Sakura Haruno y Neji Hyüga eran oficialmente novios.

Una pareja de lo más inesperada. En Konoha, que era un pueblo pequeño, las noticias volaban y el noviazgo entre la discípula de Tsunade y el genio del Clan de los del Byakugan enseguida corrió como la pólvora entre los vecinos.

Los que realmente les conocían se sorprendieron de que su relación, en principio amistosa, se hubiera transformado en algo más profundo.

Aún así, su historia fue bien acogida en la Villa, en especial por los Consejeros, ya que Sakura Haruno, la única mujer que realmente hubiera podido albergar en su vientre a la nueva generación de peligrosos Uchihas sin importarle que la semilla estuviera podrida, había cambiado sus preferencias y se decantaba por otro Clan, mucho más rígido y honorable que el de los del Sharingan y por tanto –y al entender erróneo de los políticos que rodeaban a los Feudales de las Cinco Naciones-, más manejable.

Si bien, sus amigos y en especial, Ino Yamanaka, miraban con escepticismo esa relación que para ellos, era a todas luces inverosímil.
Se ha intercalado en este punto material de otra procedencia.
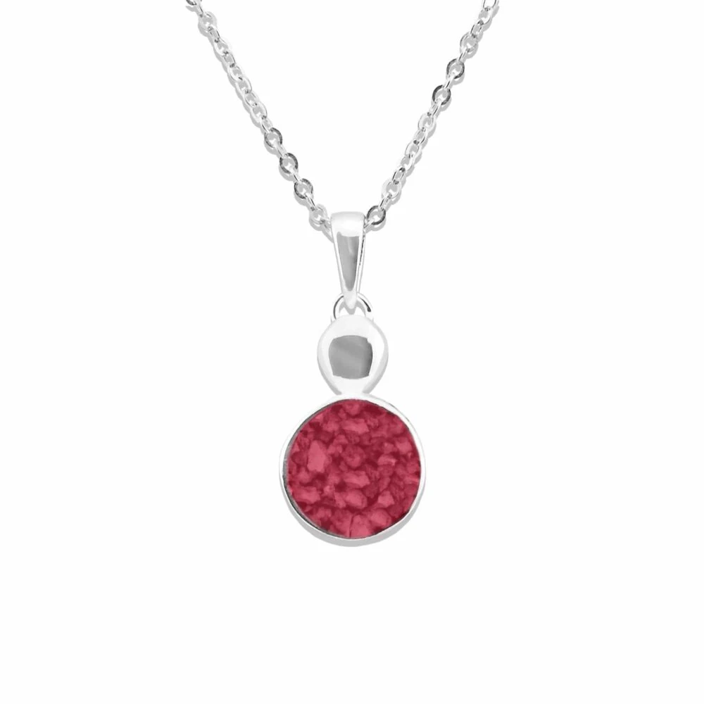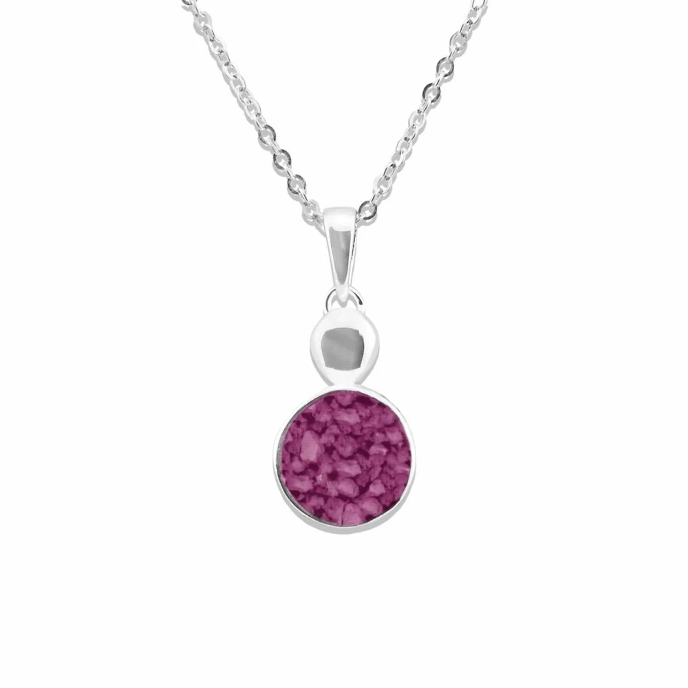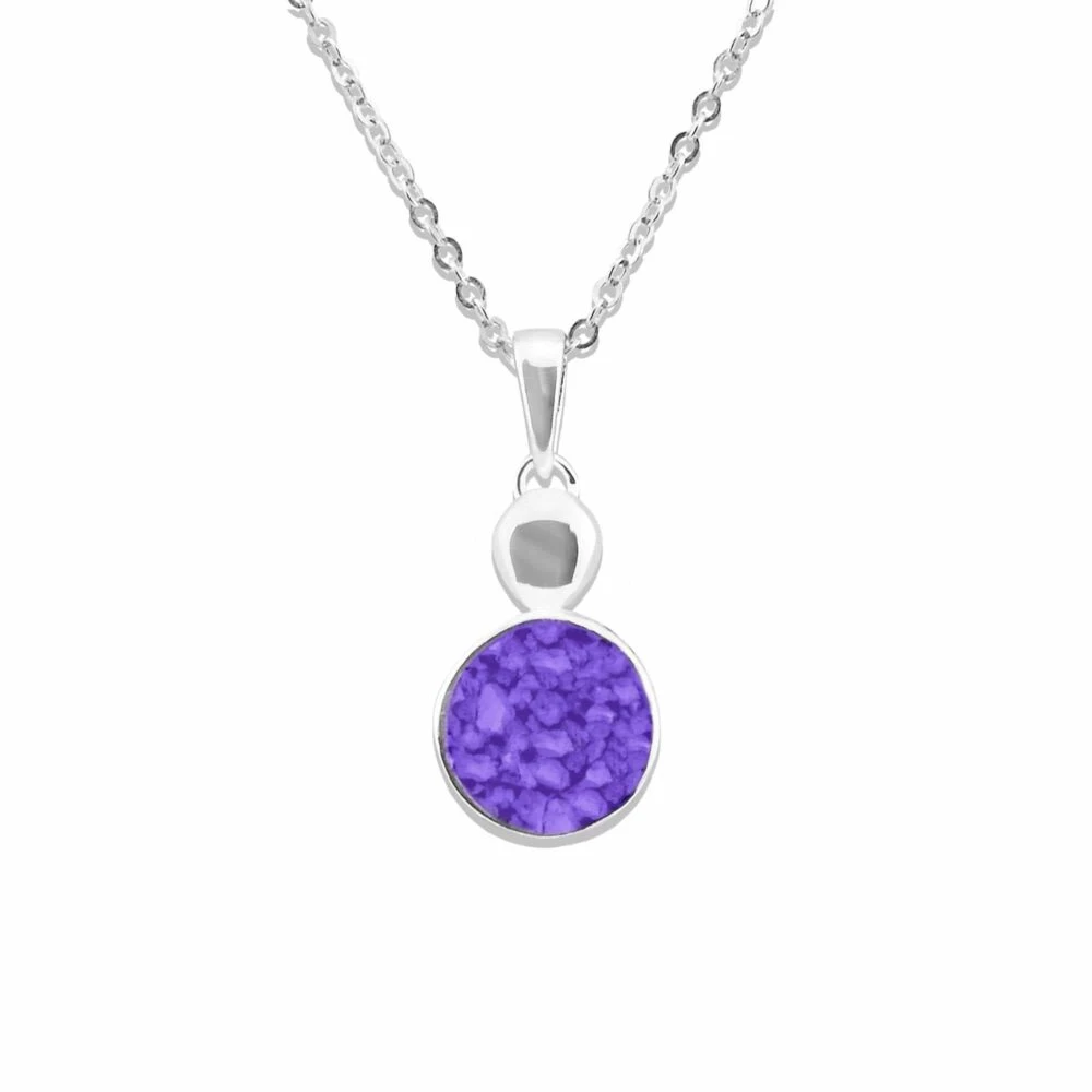 The Ladies Sterling Silver Delicate Drop Memorial Pendant has a small circular mount for the coloured resin containing the cremation ashes, and optional diamond dust, and this is attached beneath a tiny silver ball which then links to the loop for the included 45-cm chain to pass through. Both are made from 925 Sterling Silver with a Rhodium plating to prevent tarnishing.

En realidad a Sakura le importaba bien poco lo que pensaran de ella, aunque no entendía la actitud de Ino, ya que la Haruno sabía positivamente que su amiga hubiera dado un brazo por meterse en la cama con el Uchiha.
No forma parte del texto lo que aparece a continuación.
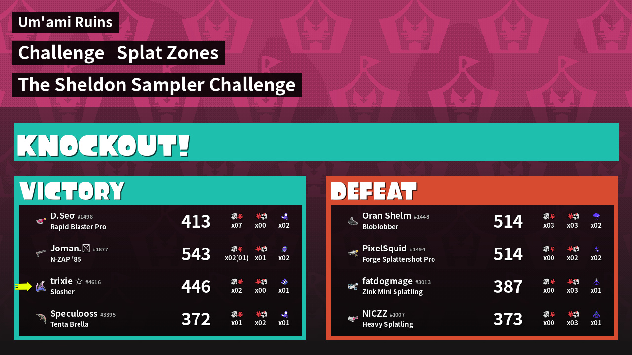 | Medals | #1 Splat Zone Hero #1 Ink Consumer #2 Overall Splatter | ||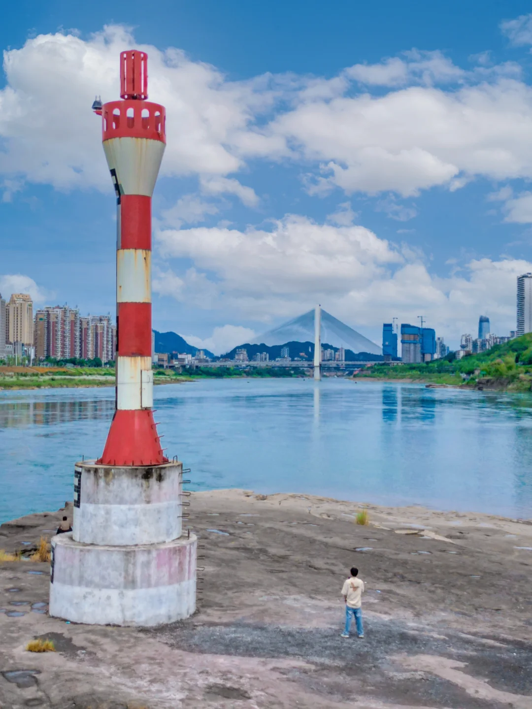 宜宾现在很火的网红打卡地,江边的巨石礁,还有一座很美的红白灯塔!拍照很有氛围,很适合吹江风喝茶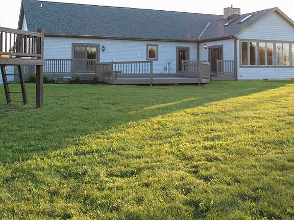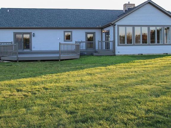 Picture perfect home for the buyer w/business or toys that need garage storage. Over 3300sf heated det garage. Mostly all brick Baltimore ranch w/5400sf finished living space on 5 acres w/addl. att 3car garage. Updated chef's kitchen w/new cabinets, SS appliances, granite counters & 2 tiered island w/down draft stove, vegetable sink & seating for 6. Spacious owner's suite w/HUGE walk in closet w/custom organizers, his & hers sinks, large shower & separate tub. Amazing open floor plan w/vaulted ceiling in kitchen, great rm & family rm that is loaded w/windows & divided by stone floor to ceiling FP. Jack/Jill BA separates 2 BR's, large Dining rm, office, large Rec rm, FB & 2 BRs in basement. Updates include new roof, wood flrs, AC,carpet,paint & much more! Agent owned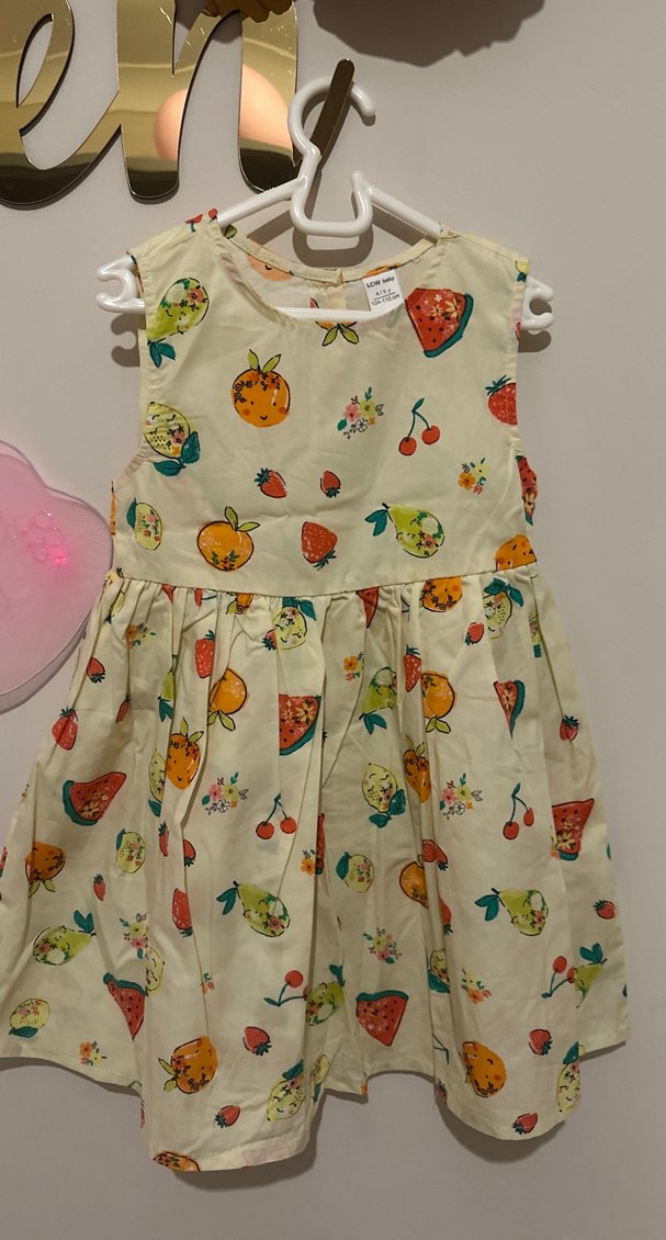 Kolsuz, bol kesim, pileli kız çocuk elbisesi. Açık renkli kumaş üzerinde çok renkli meyve desenleri yer alır.

Sólo quería encontrarse en paz consigo misma y junto a Neji el ardor en el corazón que provocaba Sasuke, desaparecía. Con el primo de Hinata todo era fácil. Se tenían cariño y se respetaban y eso, al entender de Sakura, podía bastar para mantener una relación amorosa. Quizá el amor y la pasión vendrían con el tiempo. Quizá.
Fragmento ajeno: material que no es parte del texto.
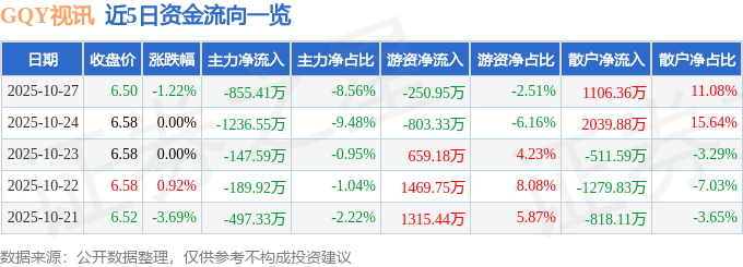 证券之星消息,截至2025年10月27日收盘,GQY视讯(300076)报收于6.5元,下跌1.22%,换手率3.63%,成交量15.38万手,成交额9989.3万元。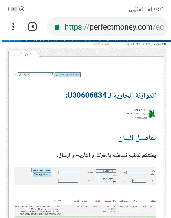 My perfectmoney Account number: U30606834, Account name: Abdelbaki Maannser, was hacked today and my money stolen by hacker using this verified id: PM:U7777777 Orbest Investments Ltd)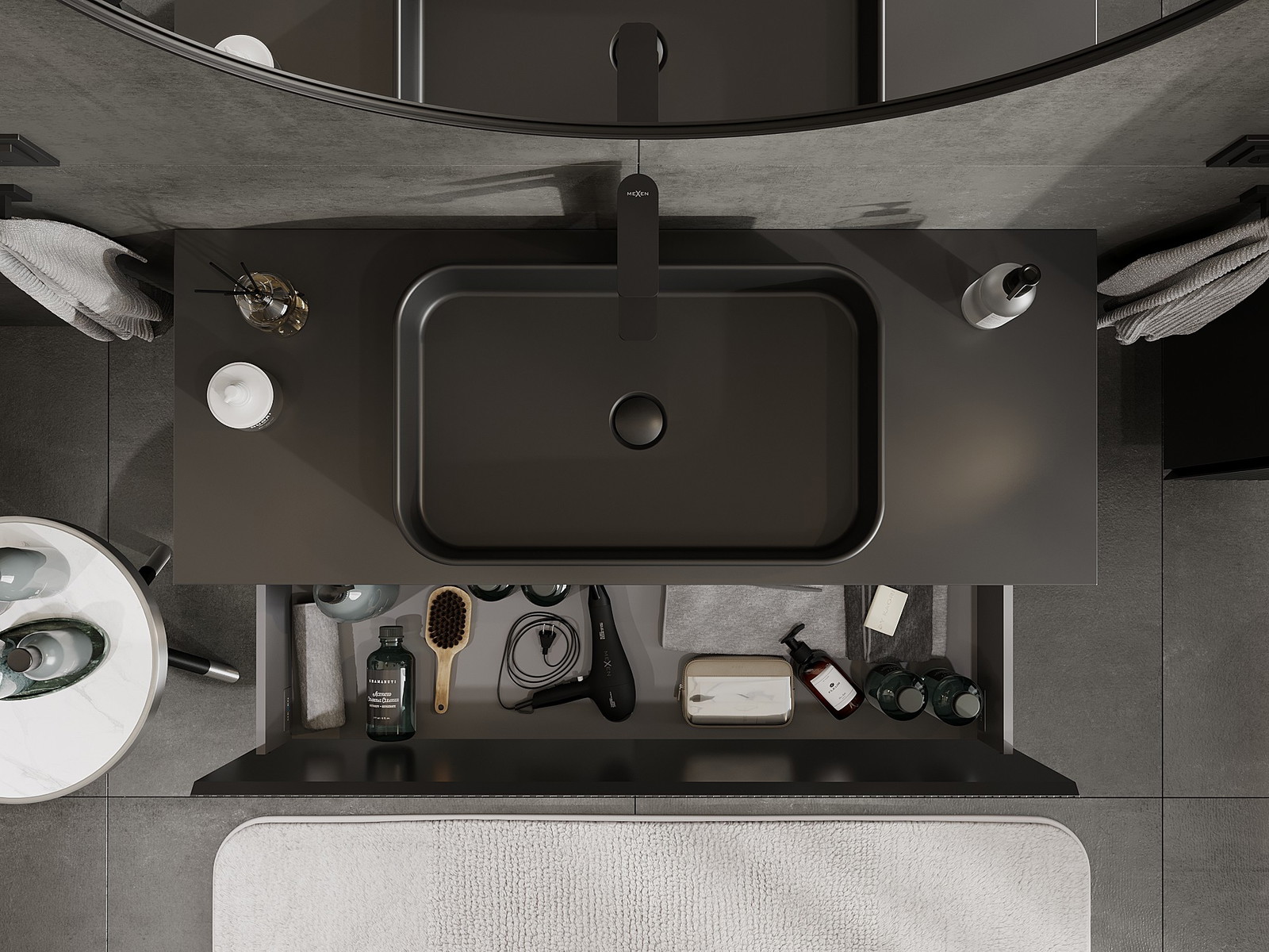 Our modular bathroom furniture can be combined in various colour configurations, allowing for complete personalisation. You can choose both the appearance and functions of individual elements, enabling you to adapt the furniture to your own stylistic and functional preferences.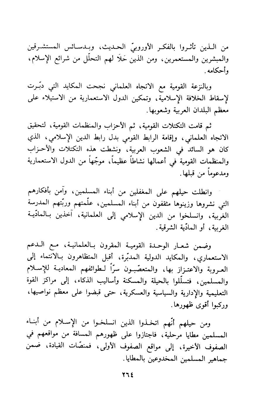 وبالنزعة القومية مع الاتجاه العلماني نجحت المكايد التي دبّرت لإسقاط الخلافة الإسلامية، وتمكين الدول الاستعمارية من الاستيلاء على معظم البلدان العربية وشعوبها.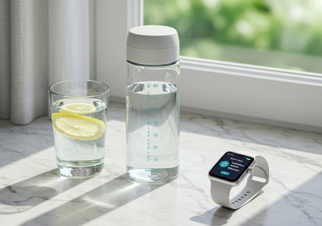 팁: 물병에 눈금 표시를 하거나, 스마트 워치/앱으로 물 섭취 기록하기
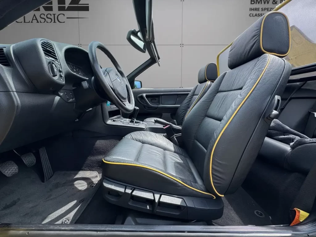 • Exclusive Edition specification with factory Sonderlack “Dakargelb” (special yellow paint) and Sonderleder (special leather interior) in black with yellow piped accents — a classic era-appropriate contrast that was rarely ordered at the time.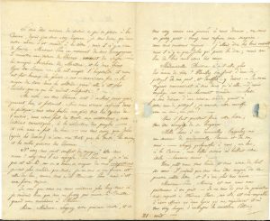 21 août, à S.E. la Marquise Béatrice Trivulzio ; 3 pages in-8. Il lui envoie le livre sur Giannini, et se plaint de son départ, qui les laisse, lui et son ami Jules, désespérés. Elle a été remplacée à la Cascina par une colonie de jeunes libéraux, le marquis Arrivabene de Mantoue et les deux frères Ugoni de Brescia ; ils ont avec eux des conversations politiques : « nous avons foulés aux pieds tous les tyrans de l’univers, nous avons fait des toasts aux constitutions, aux doctrines romantiques, à la civilisation des peuples – et cela nous a fait du bien – car vous savez que Jules (après les dames) n’aime rien tant que la vérité, le courage, et les nobles passions des libéraux »...Il s’inquiète de la santé de sa correspondante et demande des nouvelles de son entourage...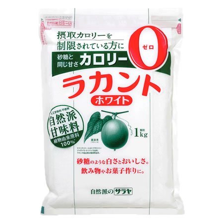 Natural sweetener of calorie 0 made from "Luo Han Fru" extract and erythritol.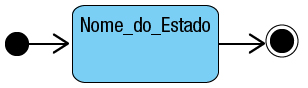 Além de estados simples, a UML define dois estados especiais: o estado inicial e o estado final. Cada um tem sua própria notação única. O estado inicial de um objeto é modelado como um ponto sólido com uma seta apontando para o primeiro estado. O estado final é representado por um círculo ao redor do ponto sólido. Setas indicam a sequência de estados, ou seja, o ciclo de vida do objeto. Importante saber que ao chegar ao estado final, não há como o objeto mudar de estado, pois ali encerra o seu ciclo de vida.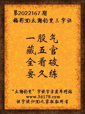 福彩第2022167期3d太湖字谜:一股气,藏五官,全看破,要久练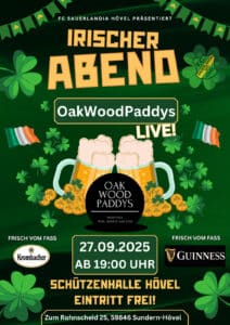 Sundern/Hövel. Im Rah­men sei­nes Grün-Gel­ben Ver­eins­fests lädt der FC Sau­er­land­ia Hövel am Sams­tag, 27. Sep­tem­ber 2025, zu einem „Iri­schen Abend“ in die Schüt­zen­hal­le Hövel ein. Beginn ist um 19 Uhr, der Ein­tritt ist frei.

No serían los primeros ni los últimos en no estar enamorados al empezar una relación.

Sakura sabía que el Hyüga no se había olvidado a Tenten, - igual que ella no podía olvidarse de Sasuke de la noche a la mañana- pero cuando estaba con ella, el guapo muchacho perdía su rigidez habitual, se deshacía en atenciones con ella y la cuidaba.

Era evidente que le gustaba mucho estar con Sakura. La manera en que la miraba, le hablaba y sonreía cuando estaban juntos. La delicadeza con la que la tocaba, suavemente, como si se tratara de una frágil figura de cristal… Eran señales tan evidentes de la atracción que sentía el chico, que ni siquiera a Hinata le habían pasado por alto.

- Le gustas mucho a mi primo… - le había dicho la dulce Hinata un día después de una de aquellas citas cuádruples de cine y cena - Creo que está superando muchas cosas gracias a ti...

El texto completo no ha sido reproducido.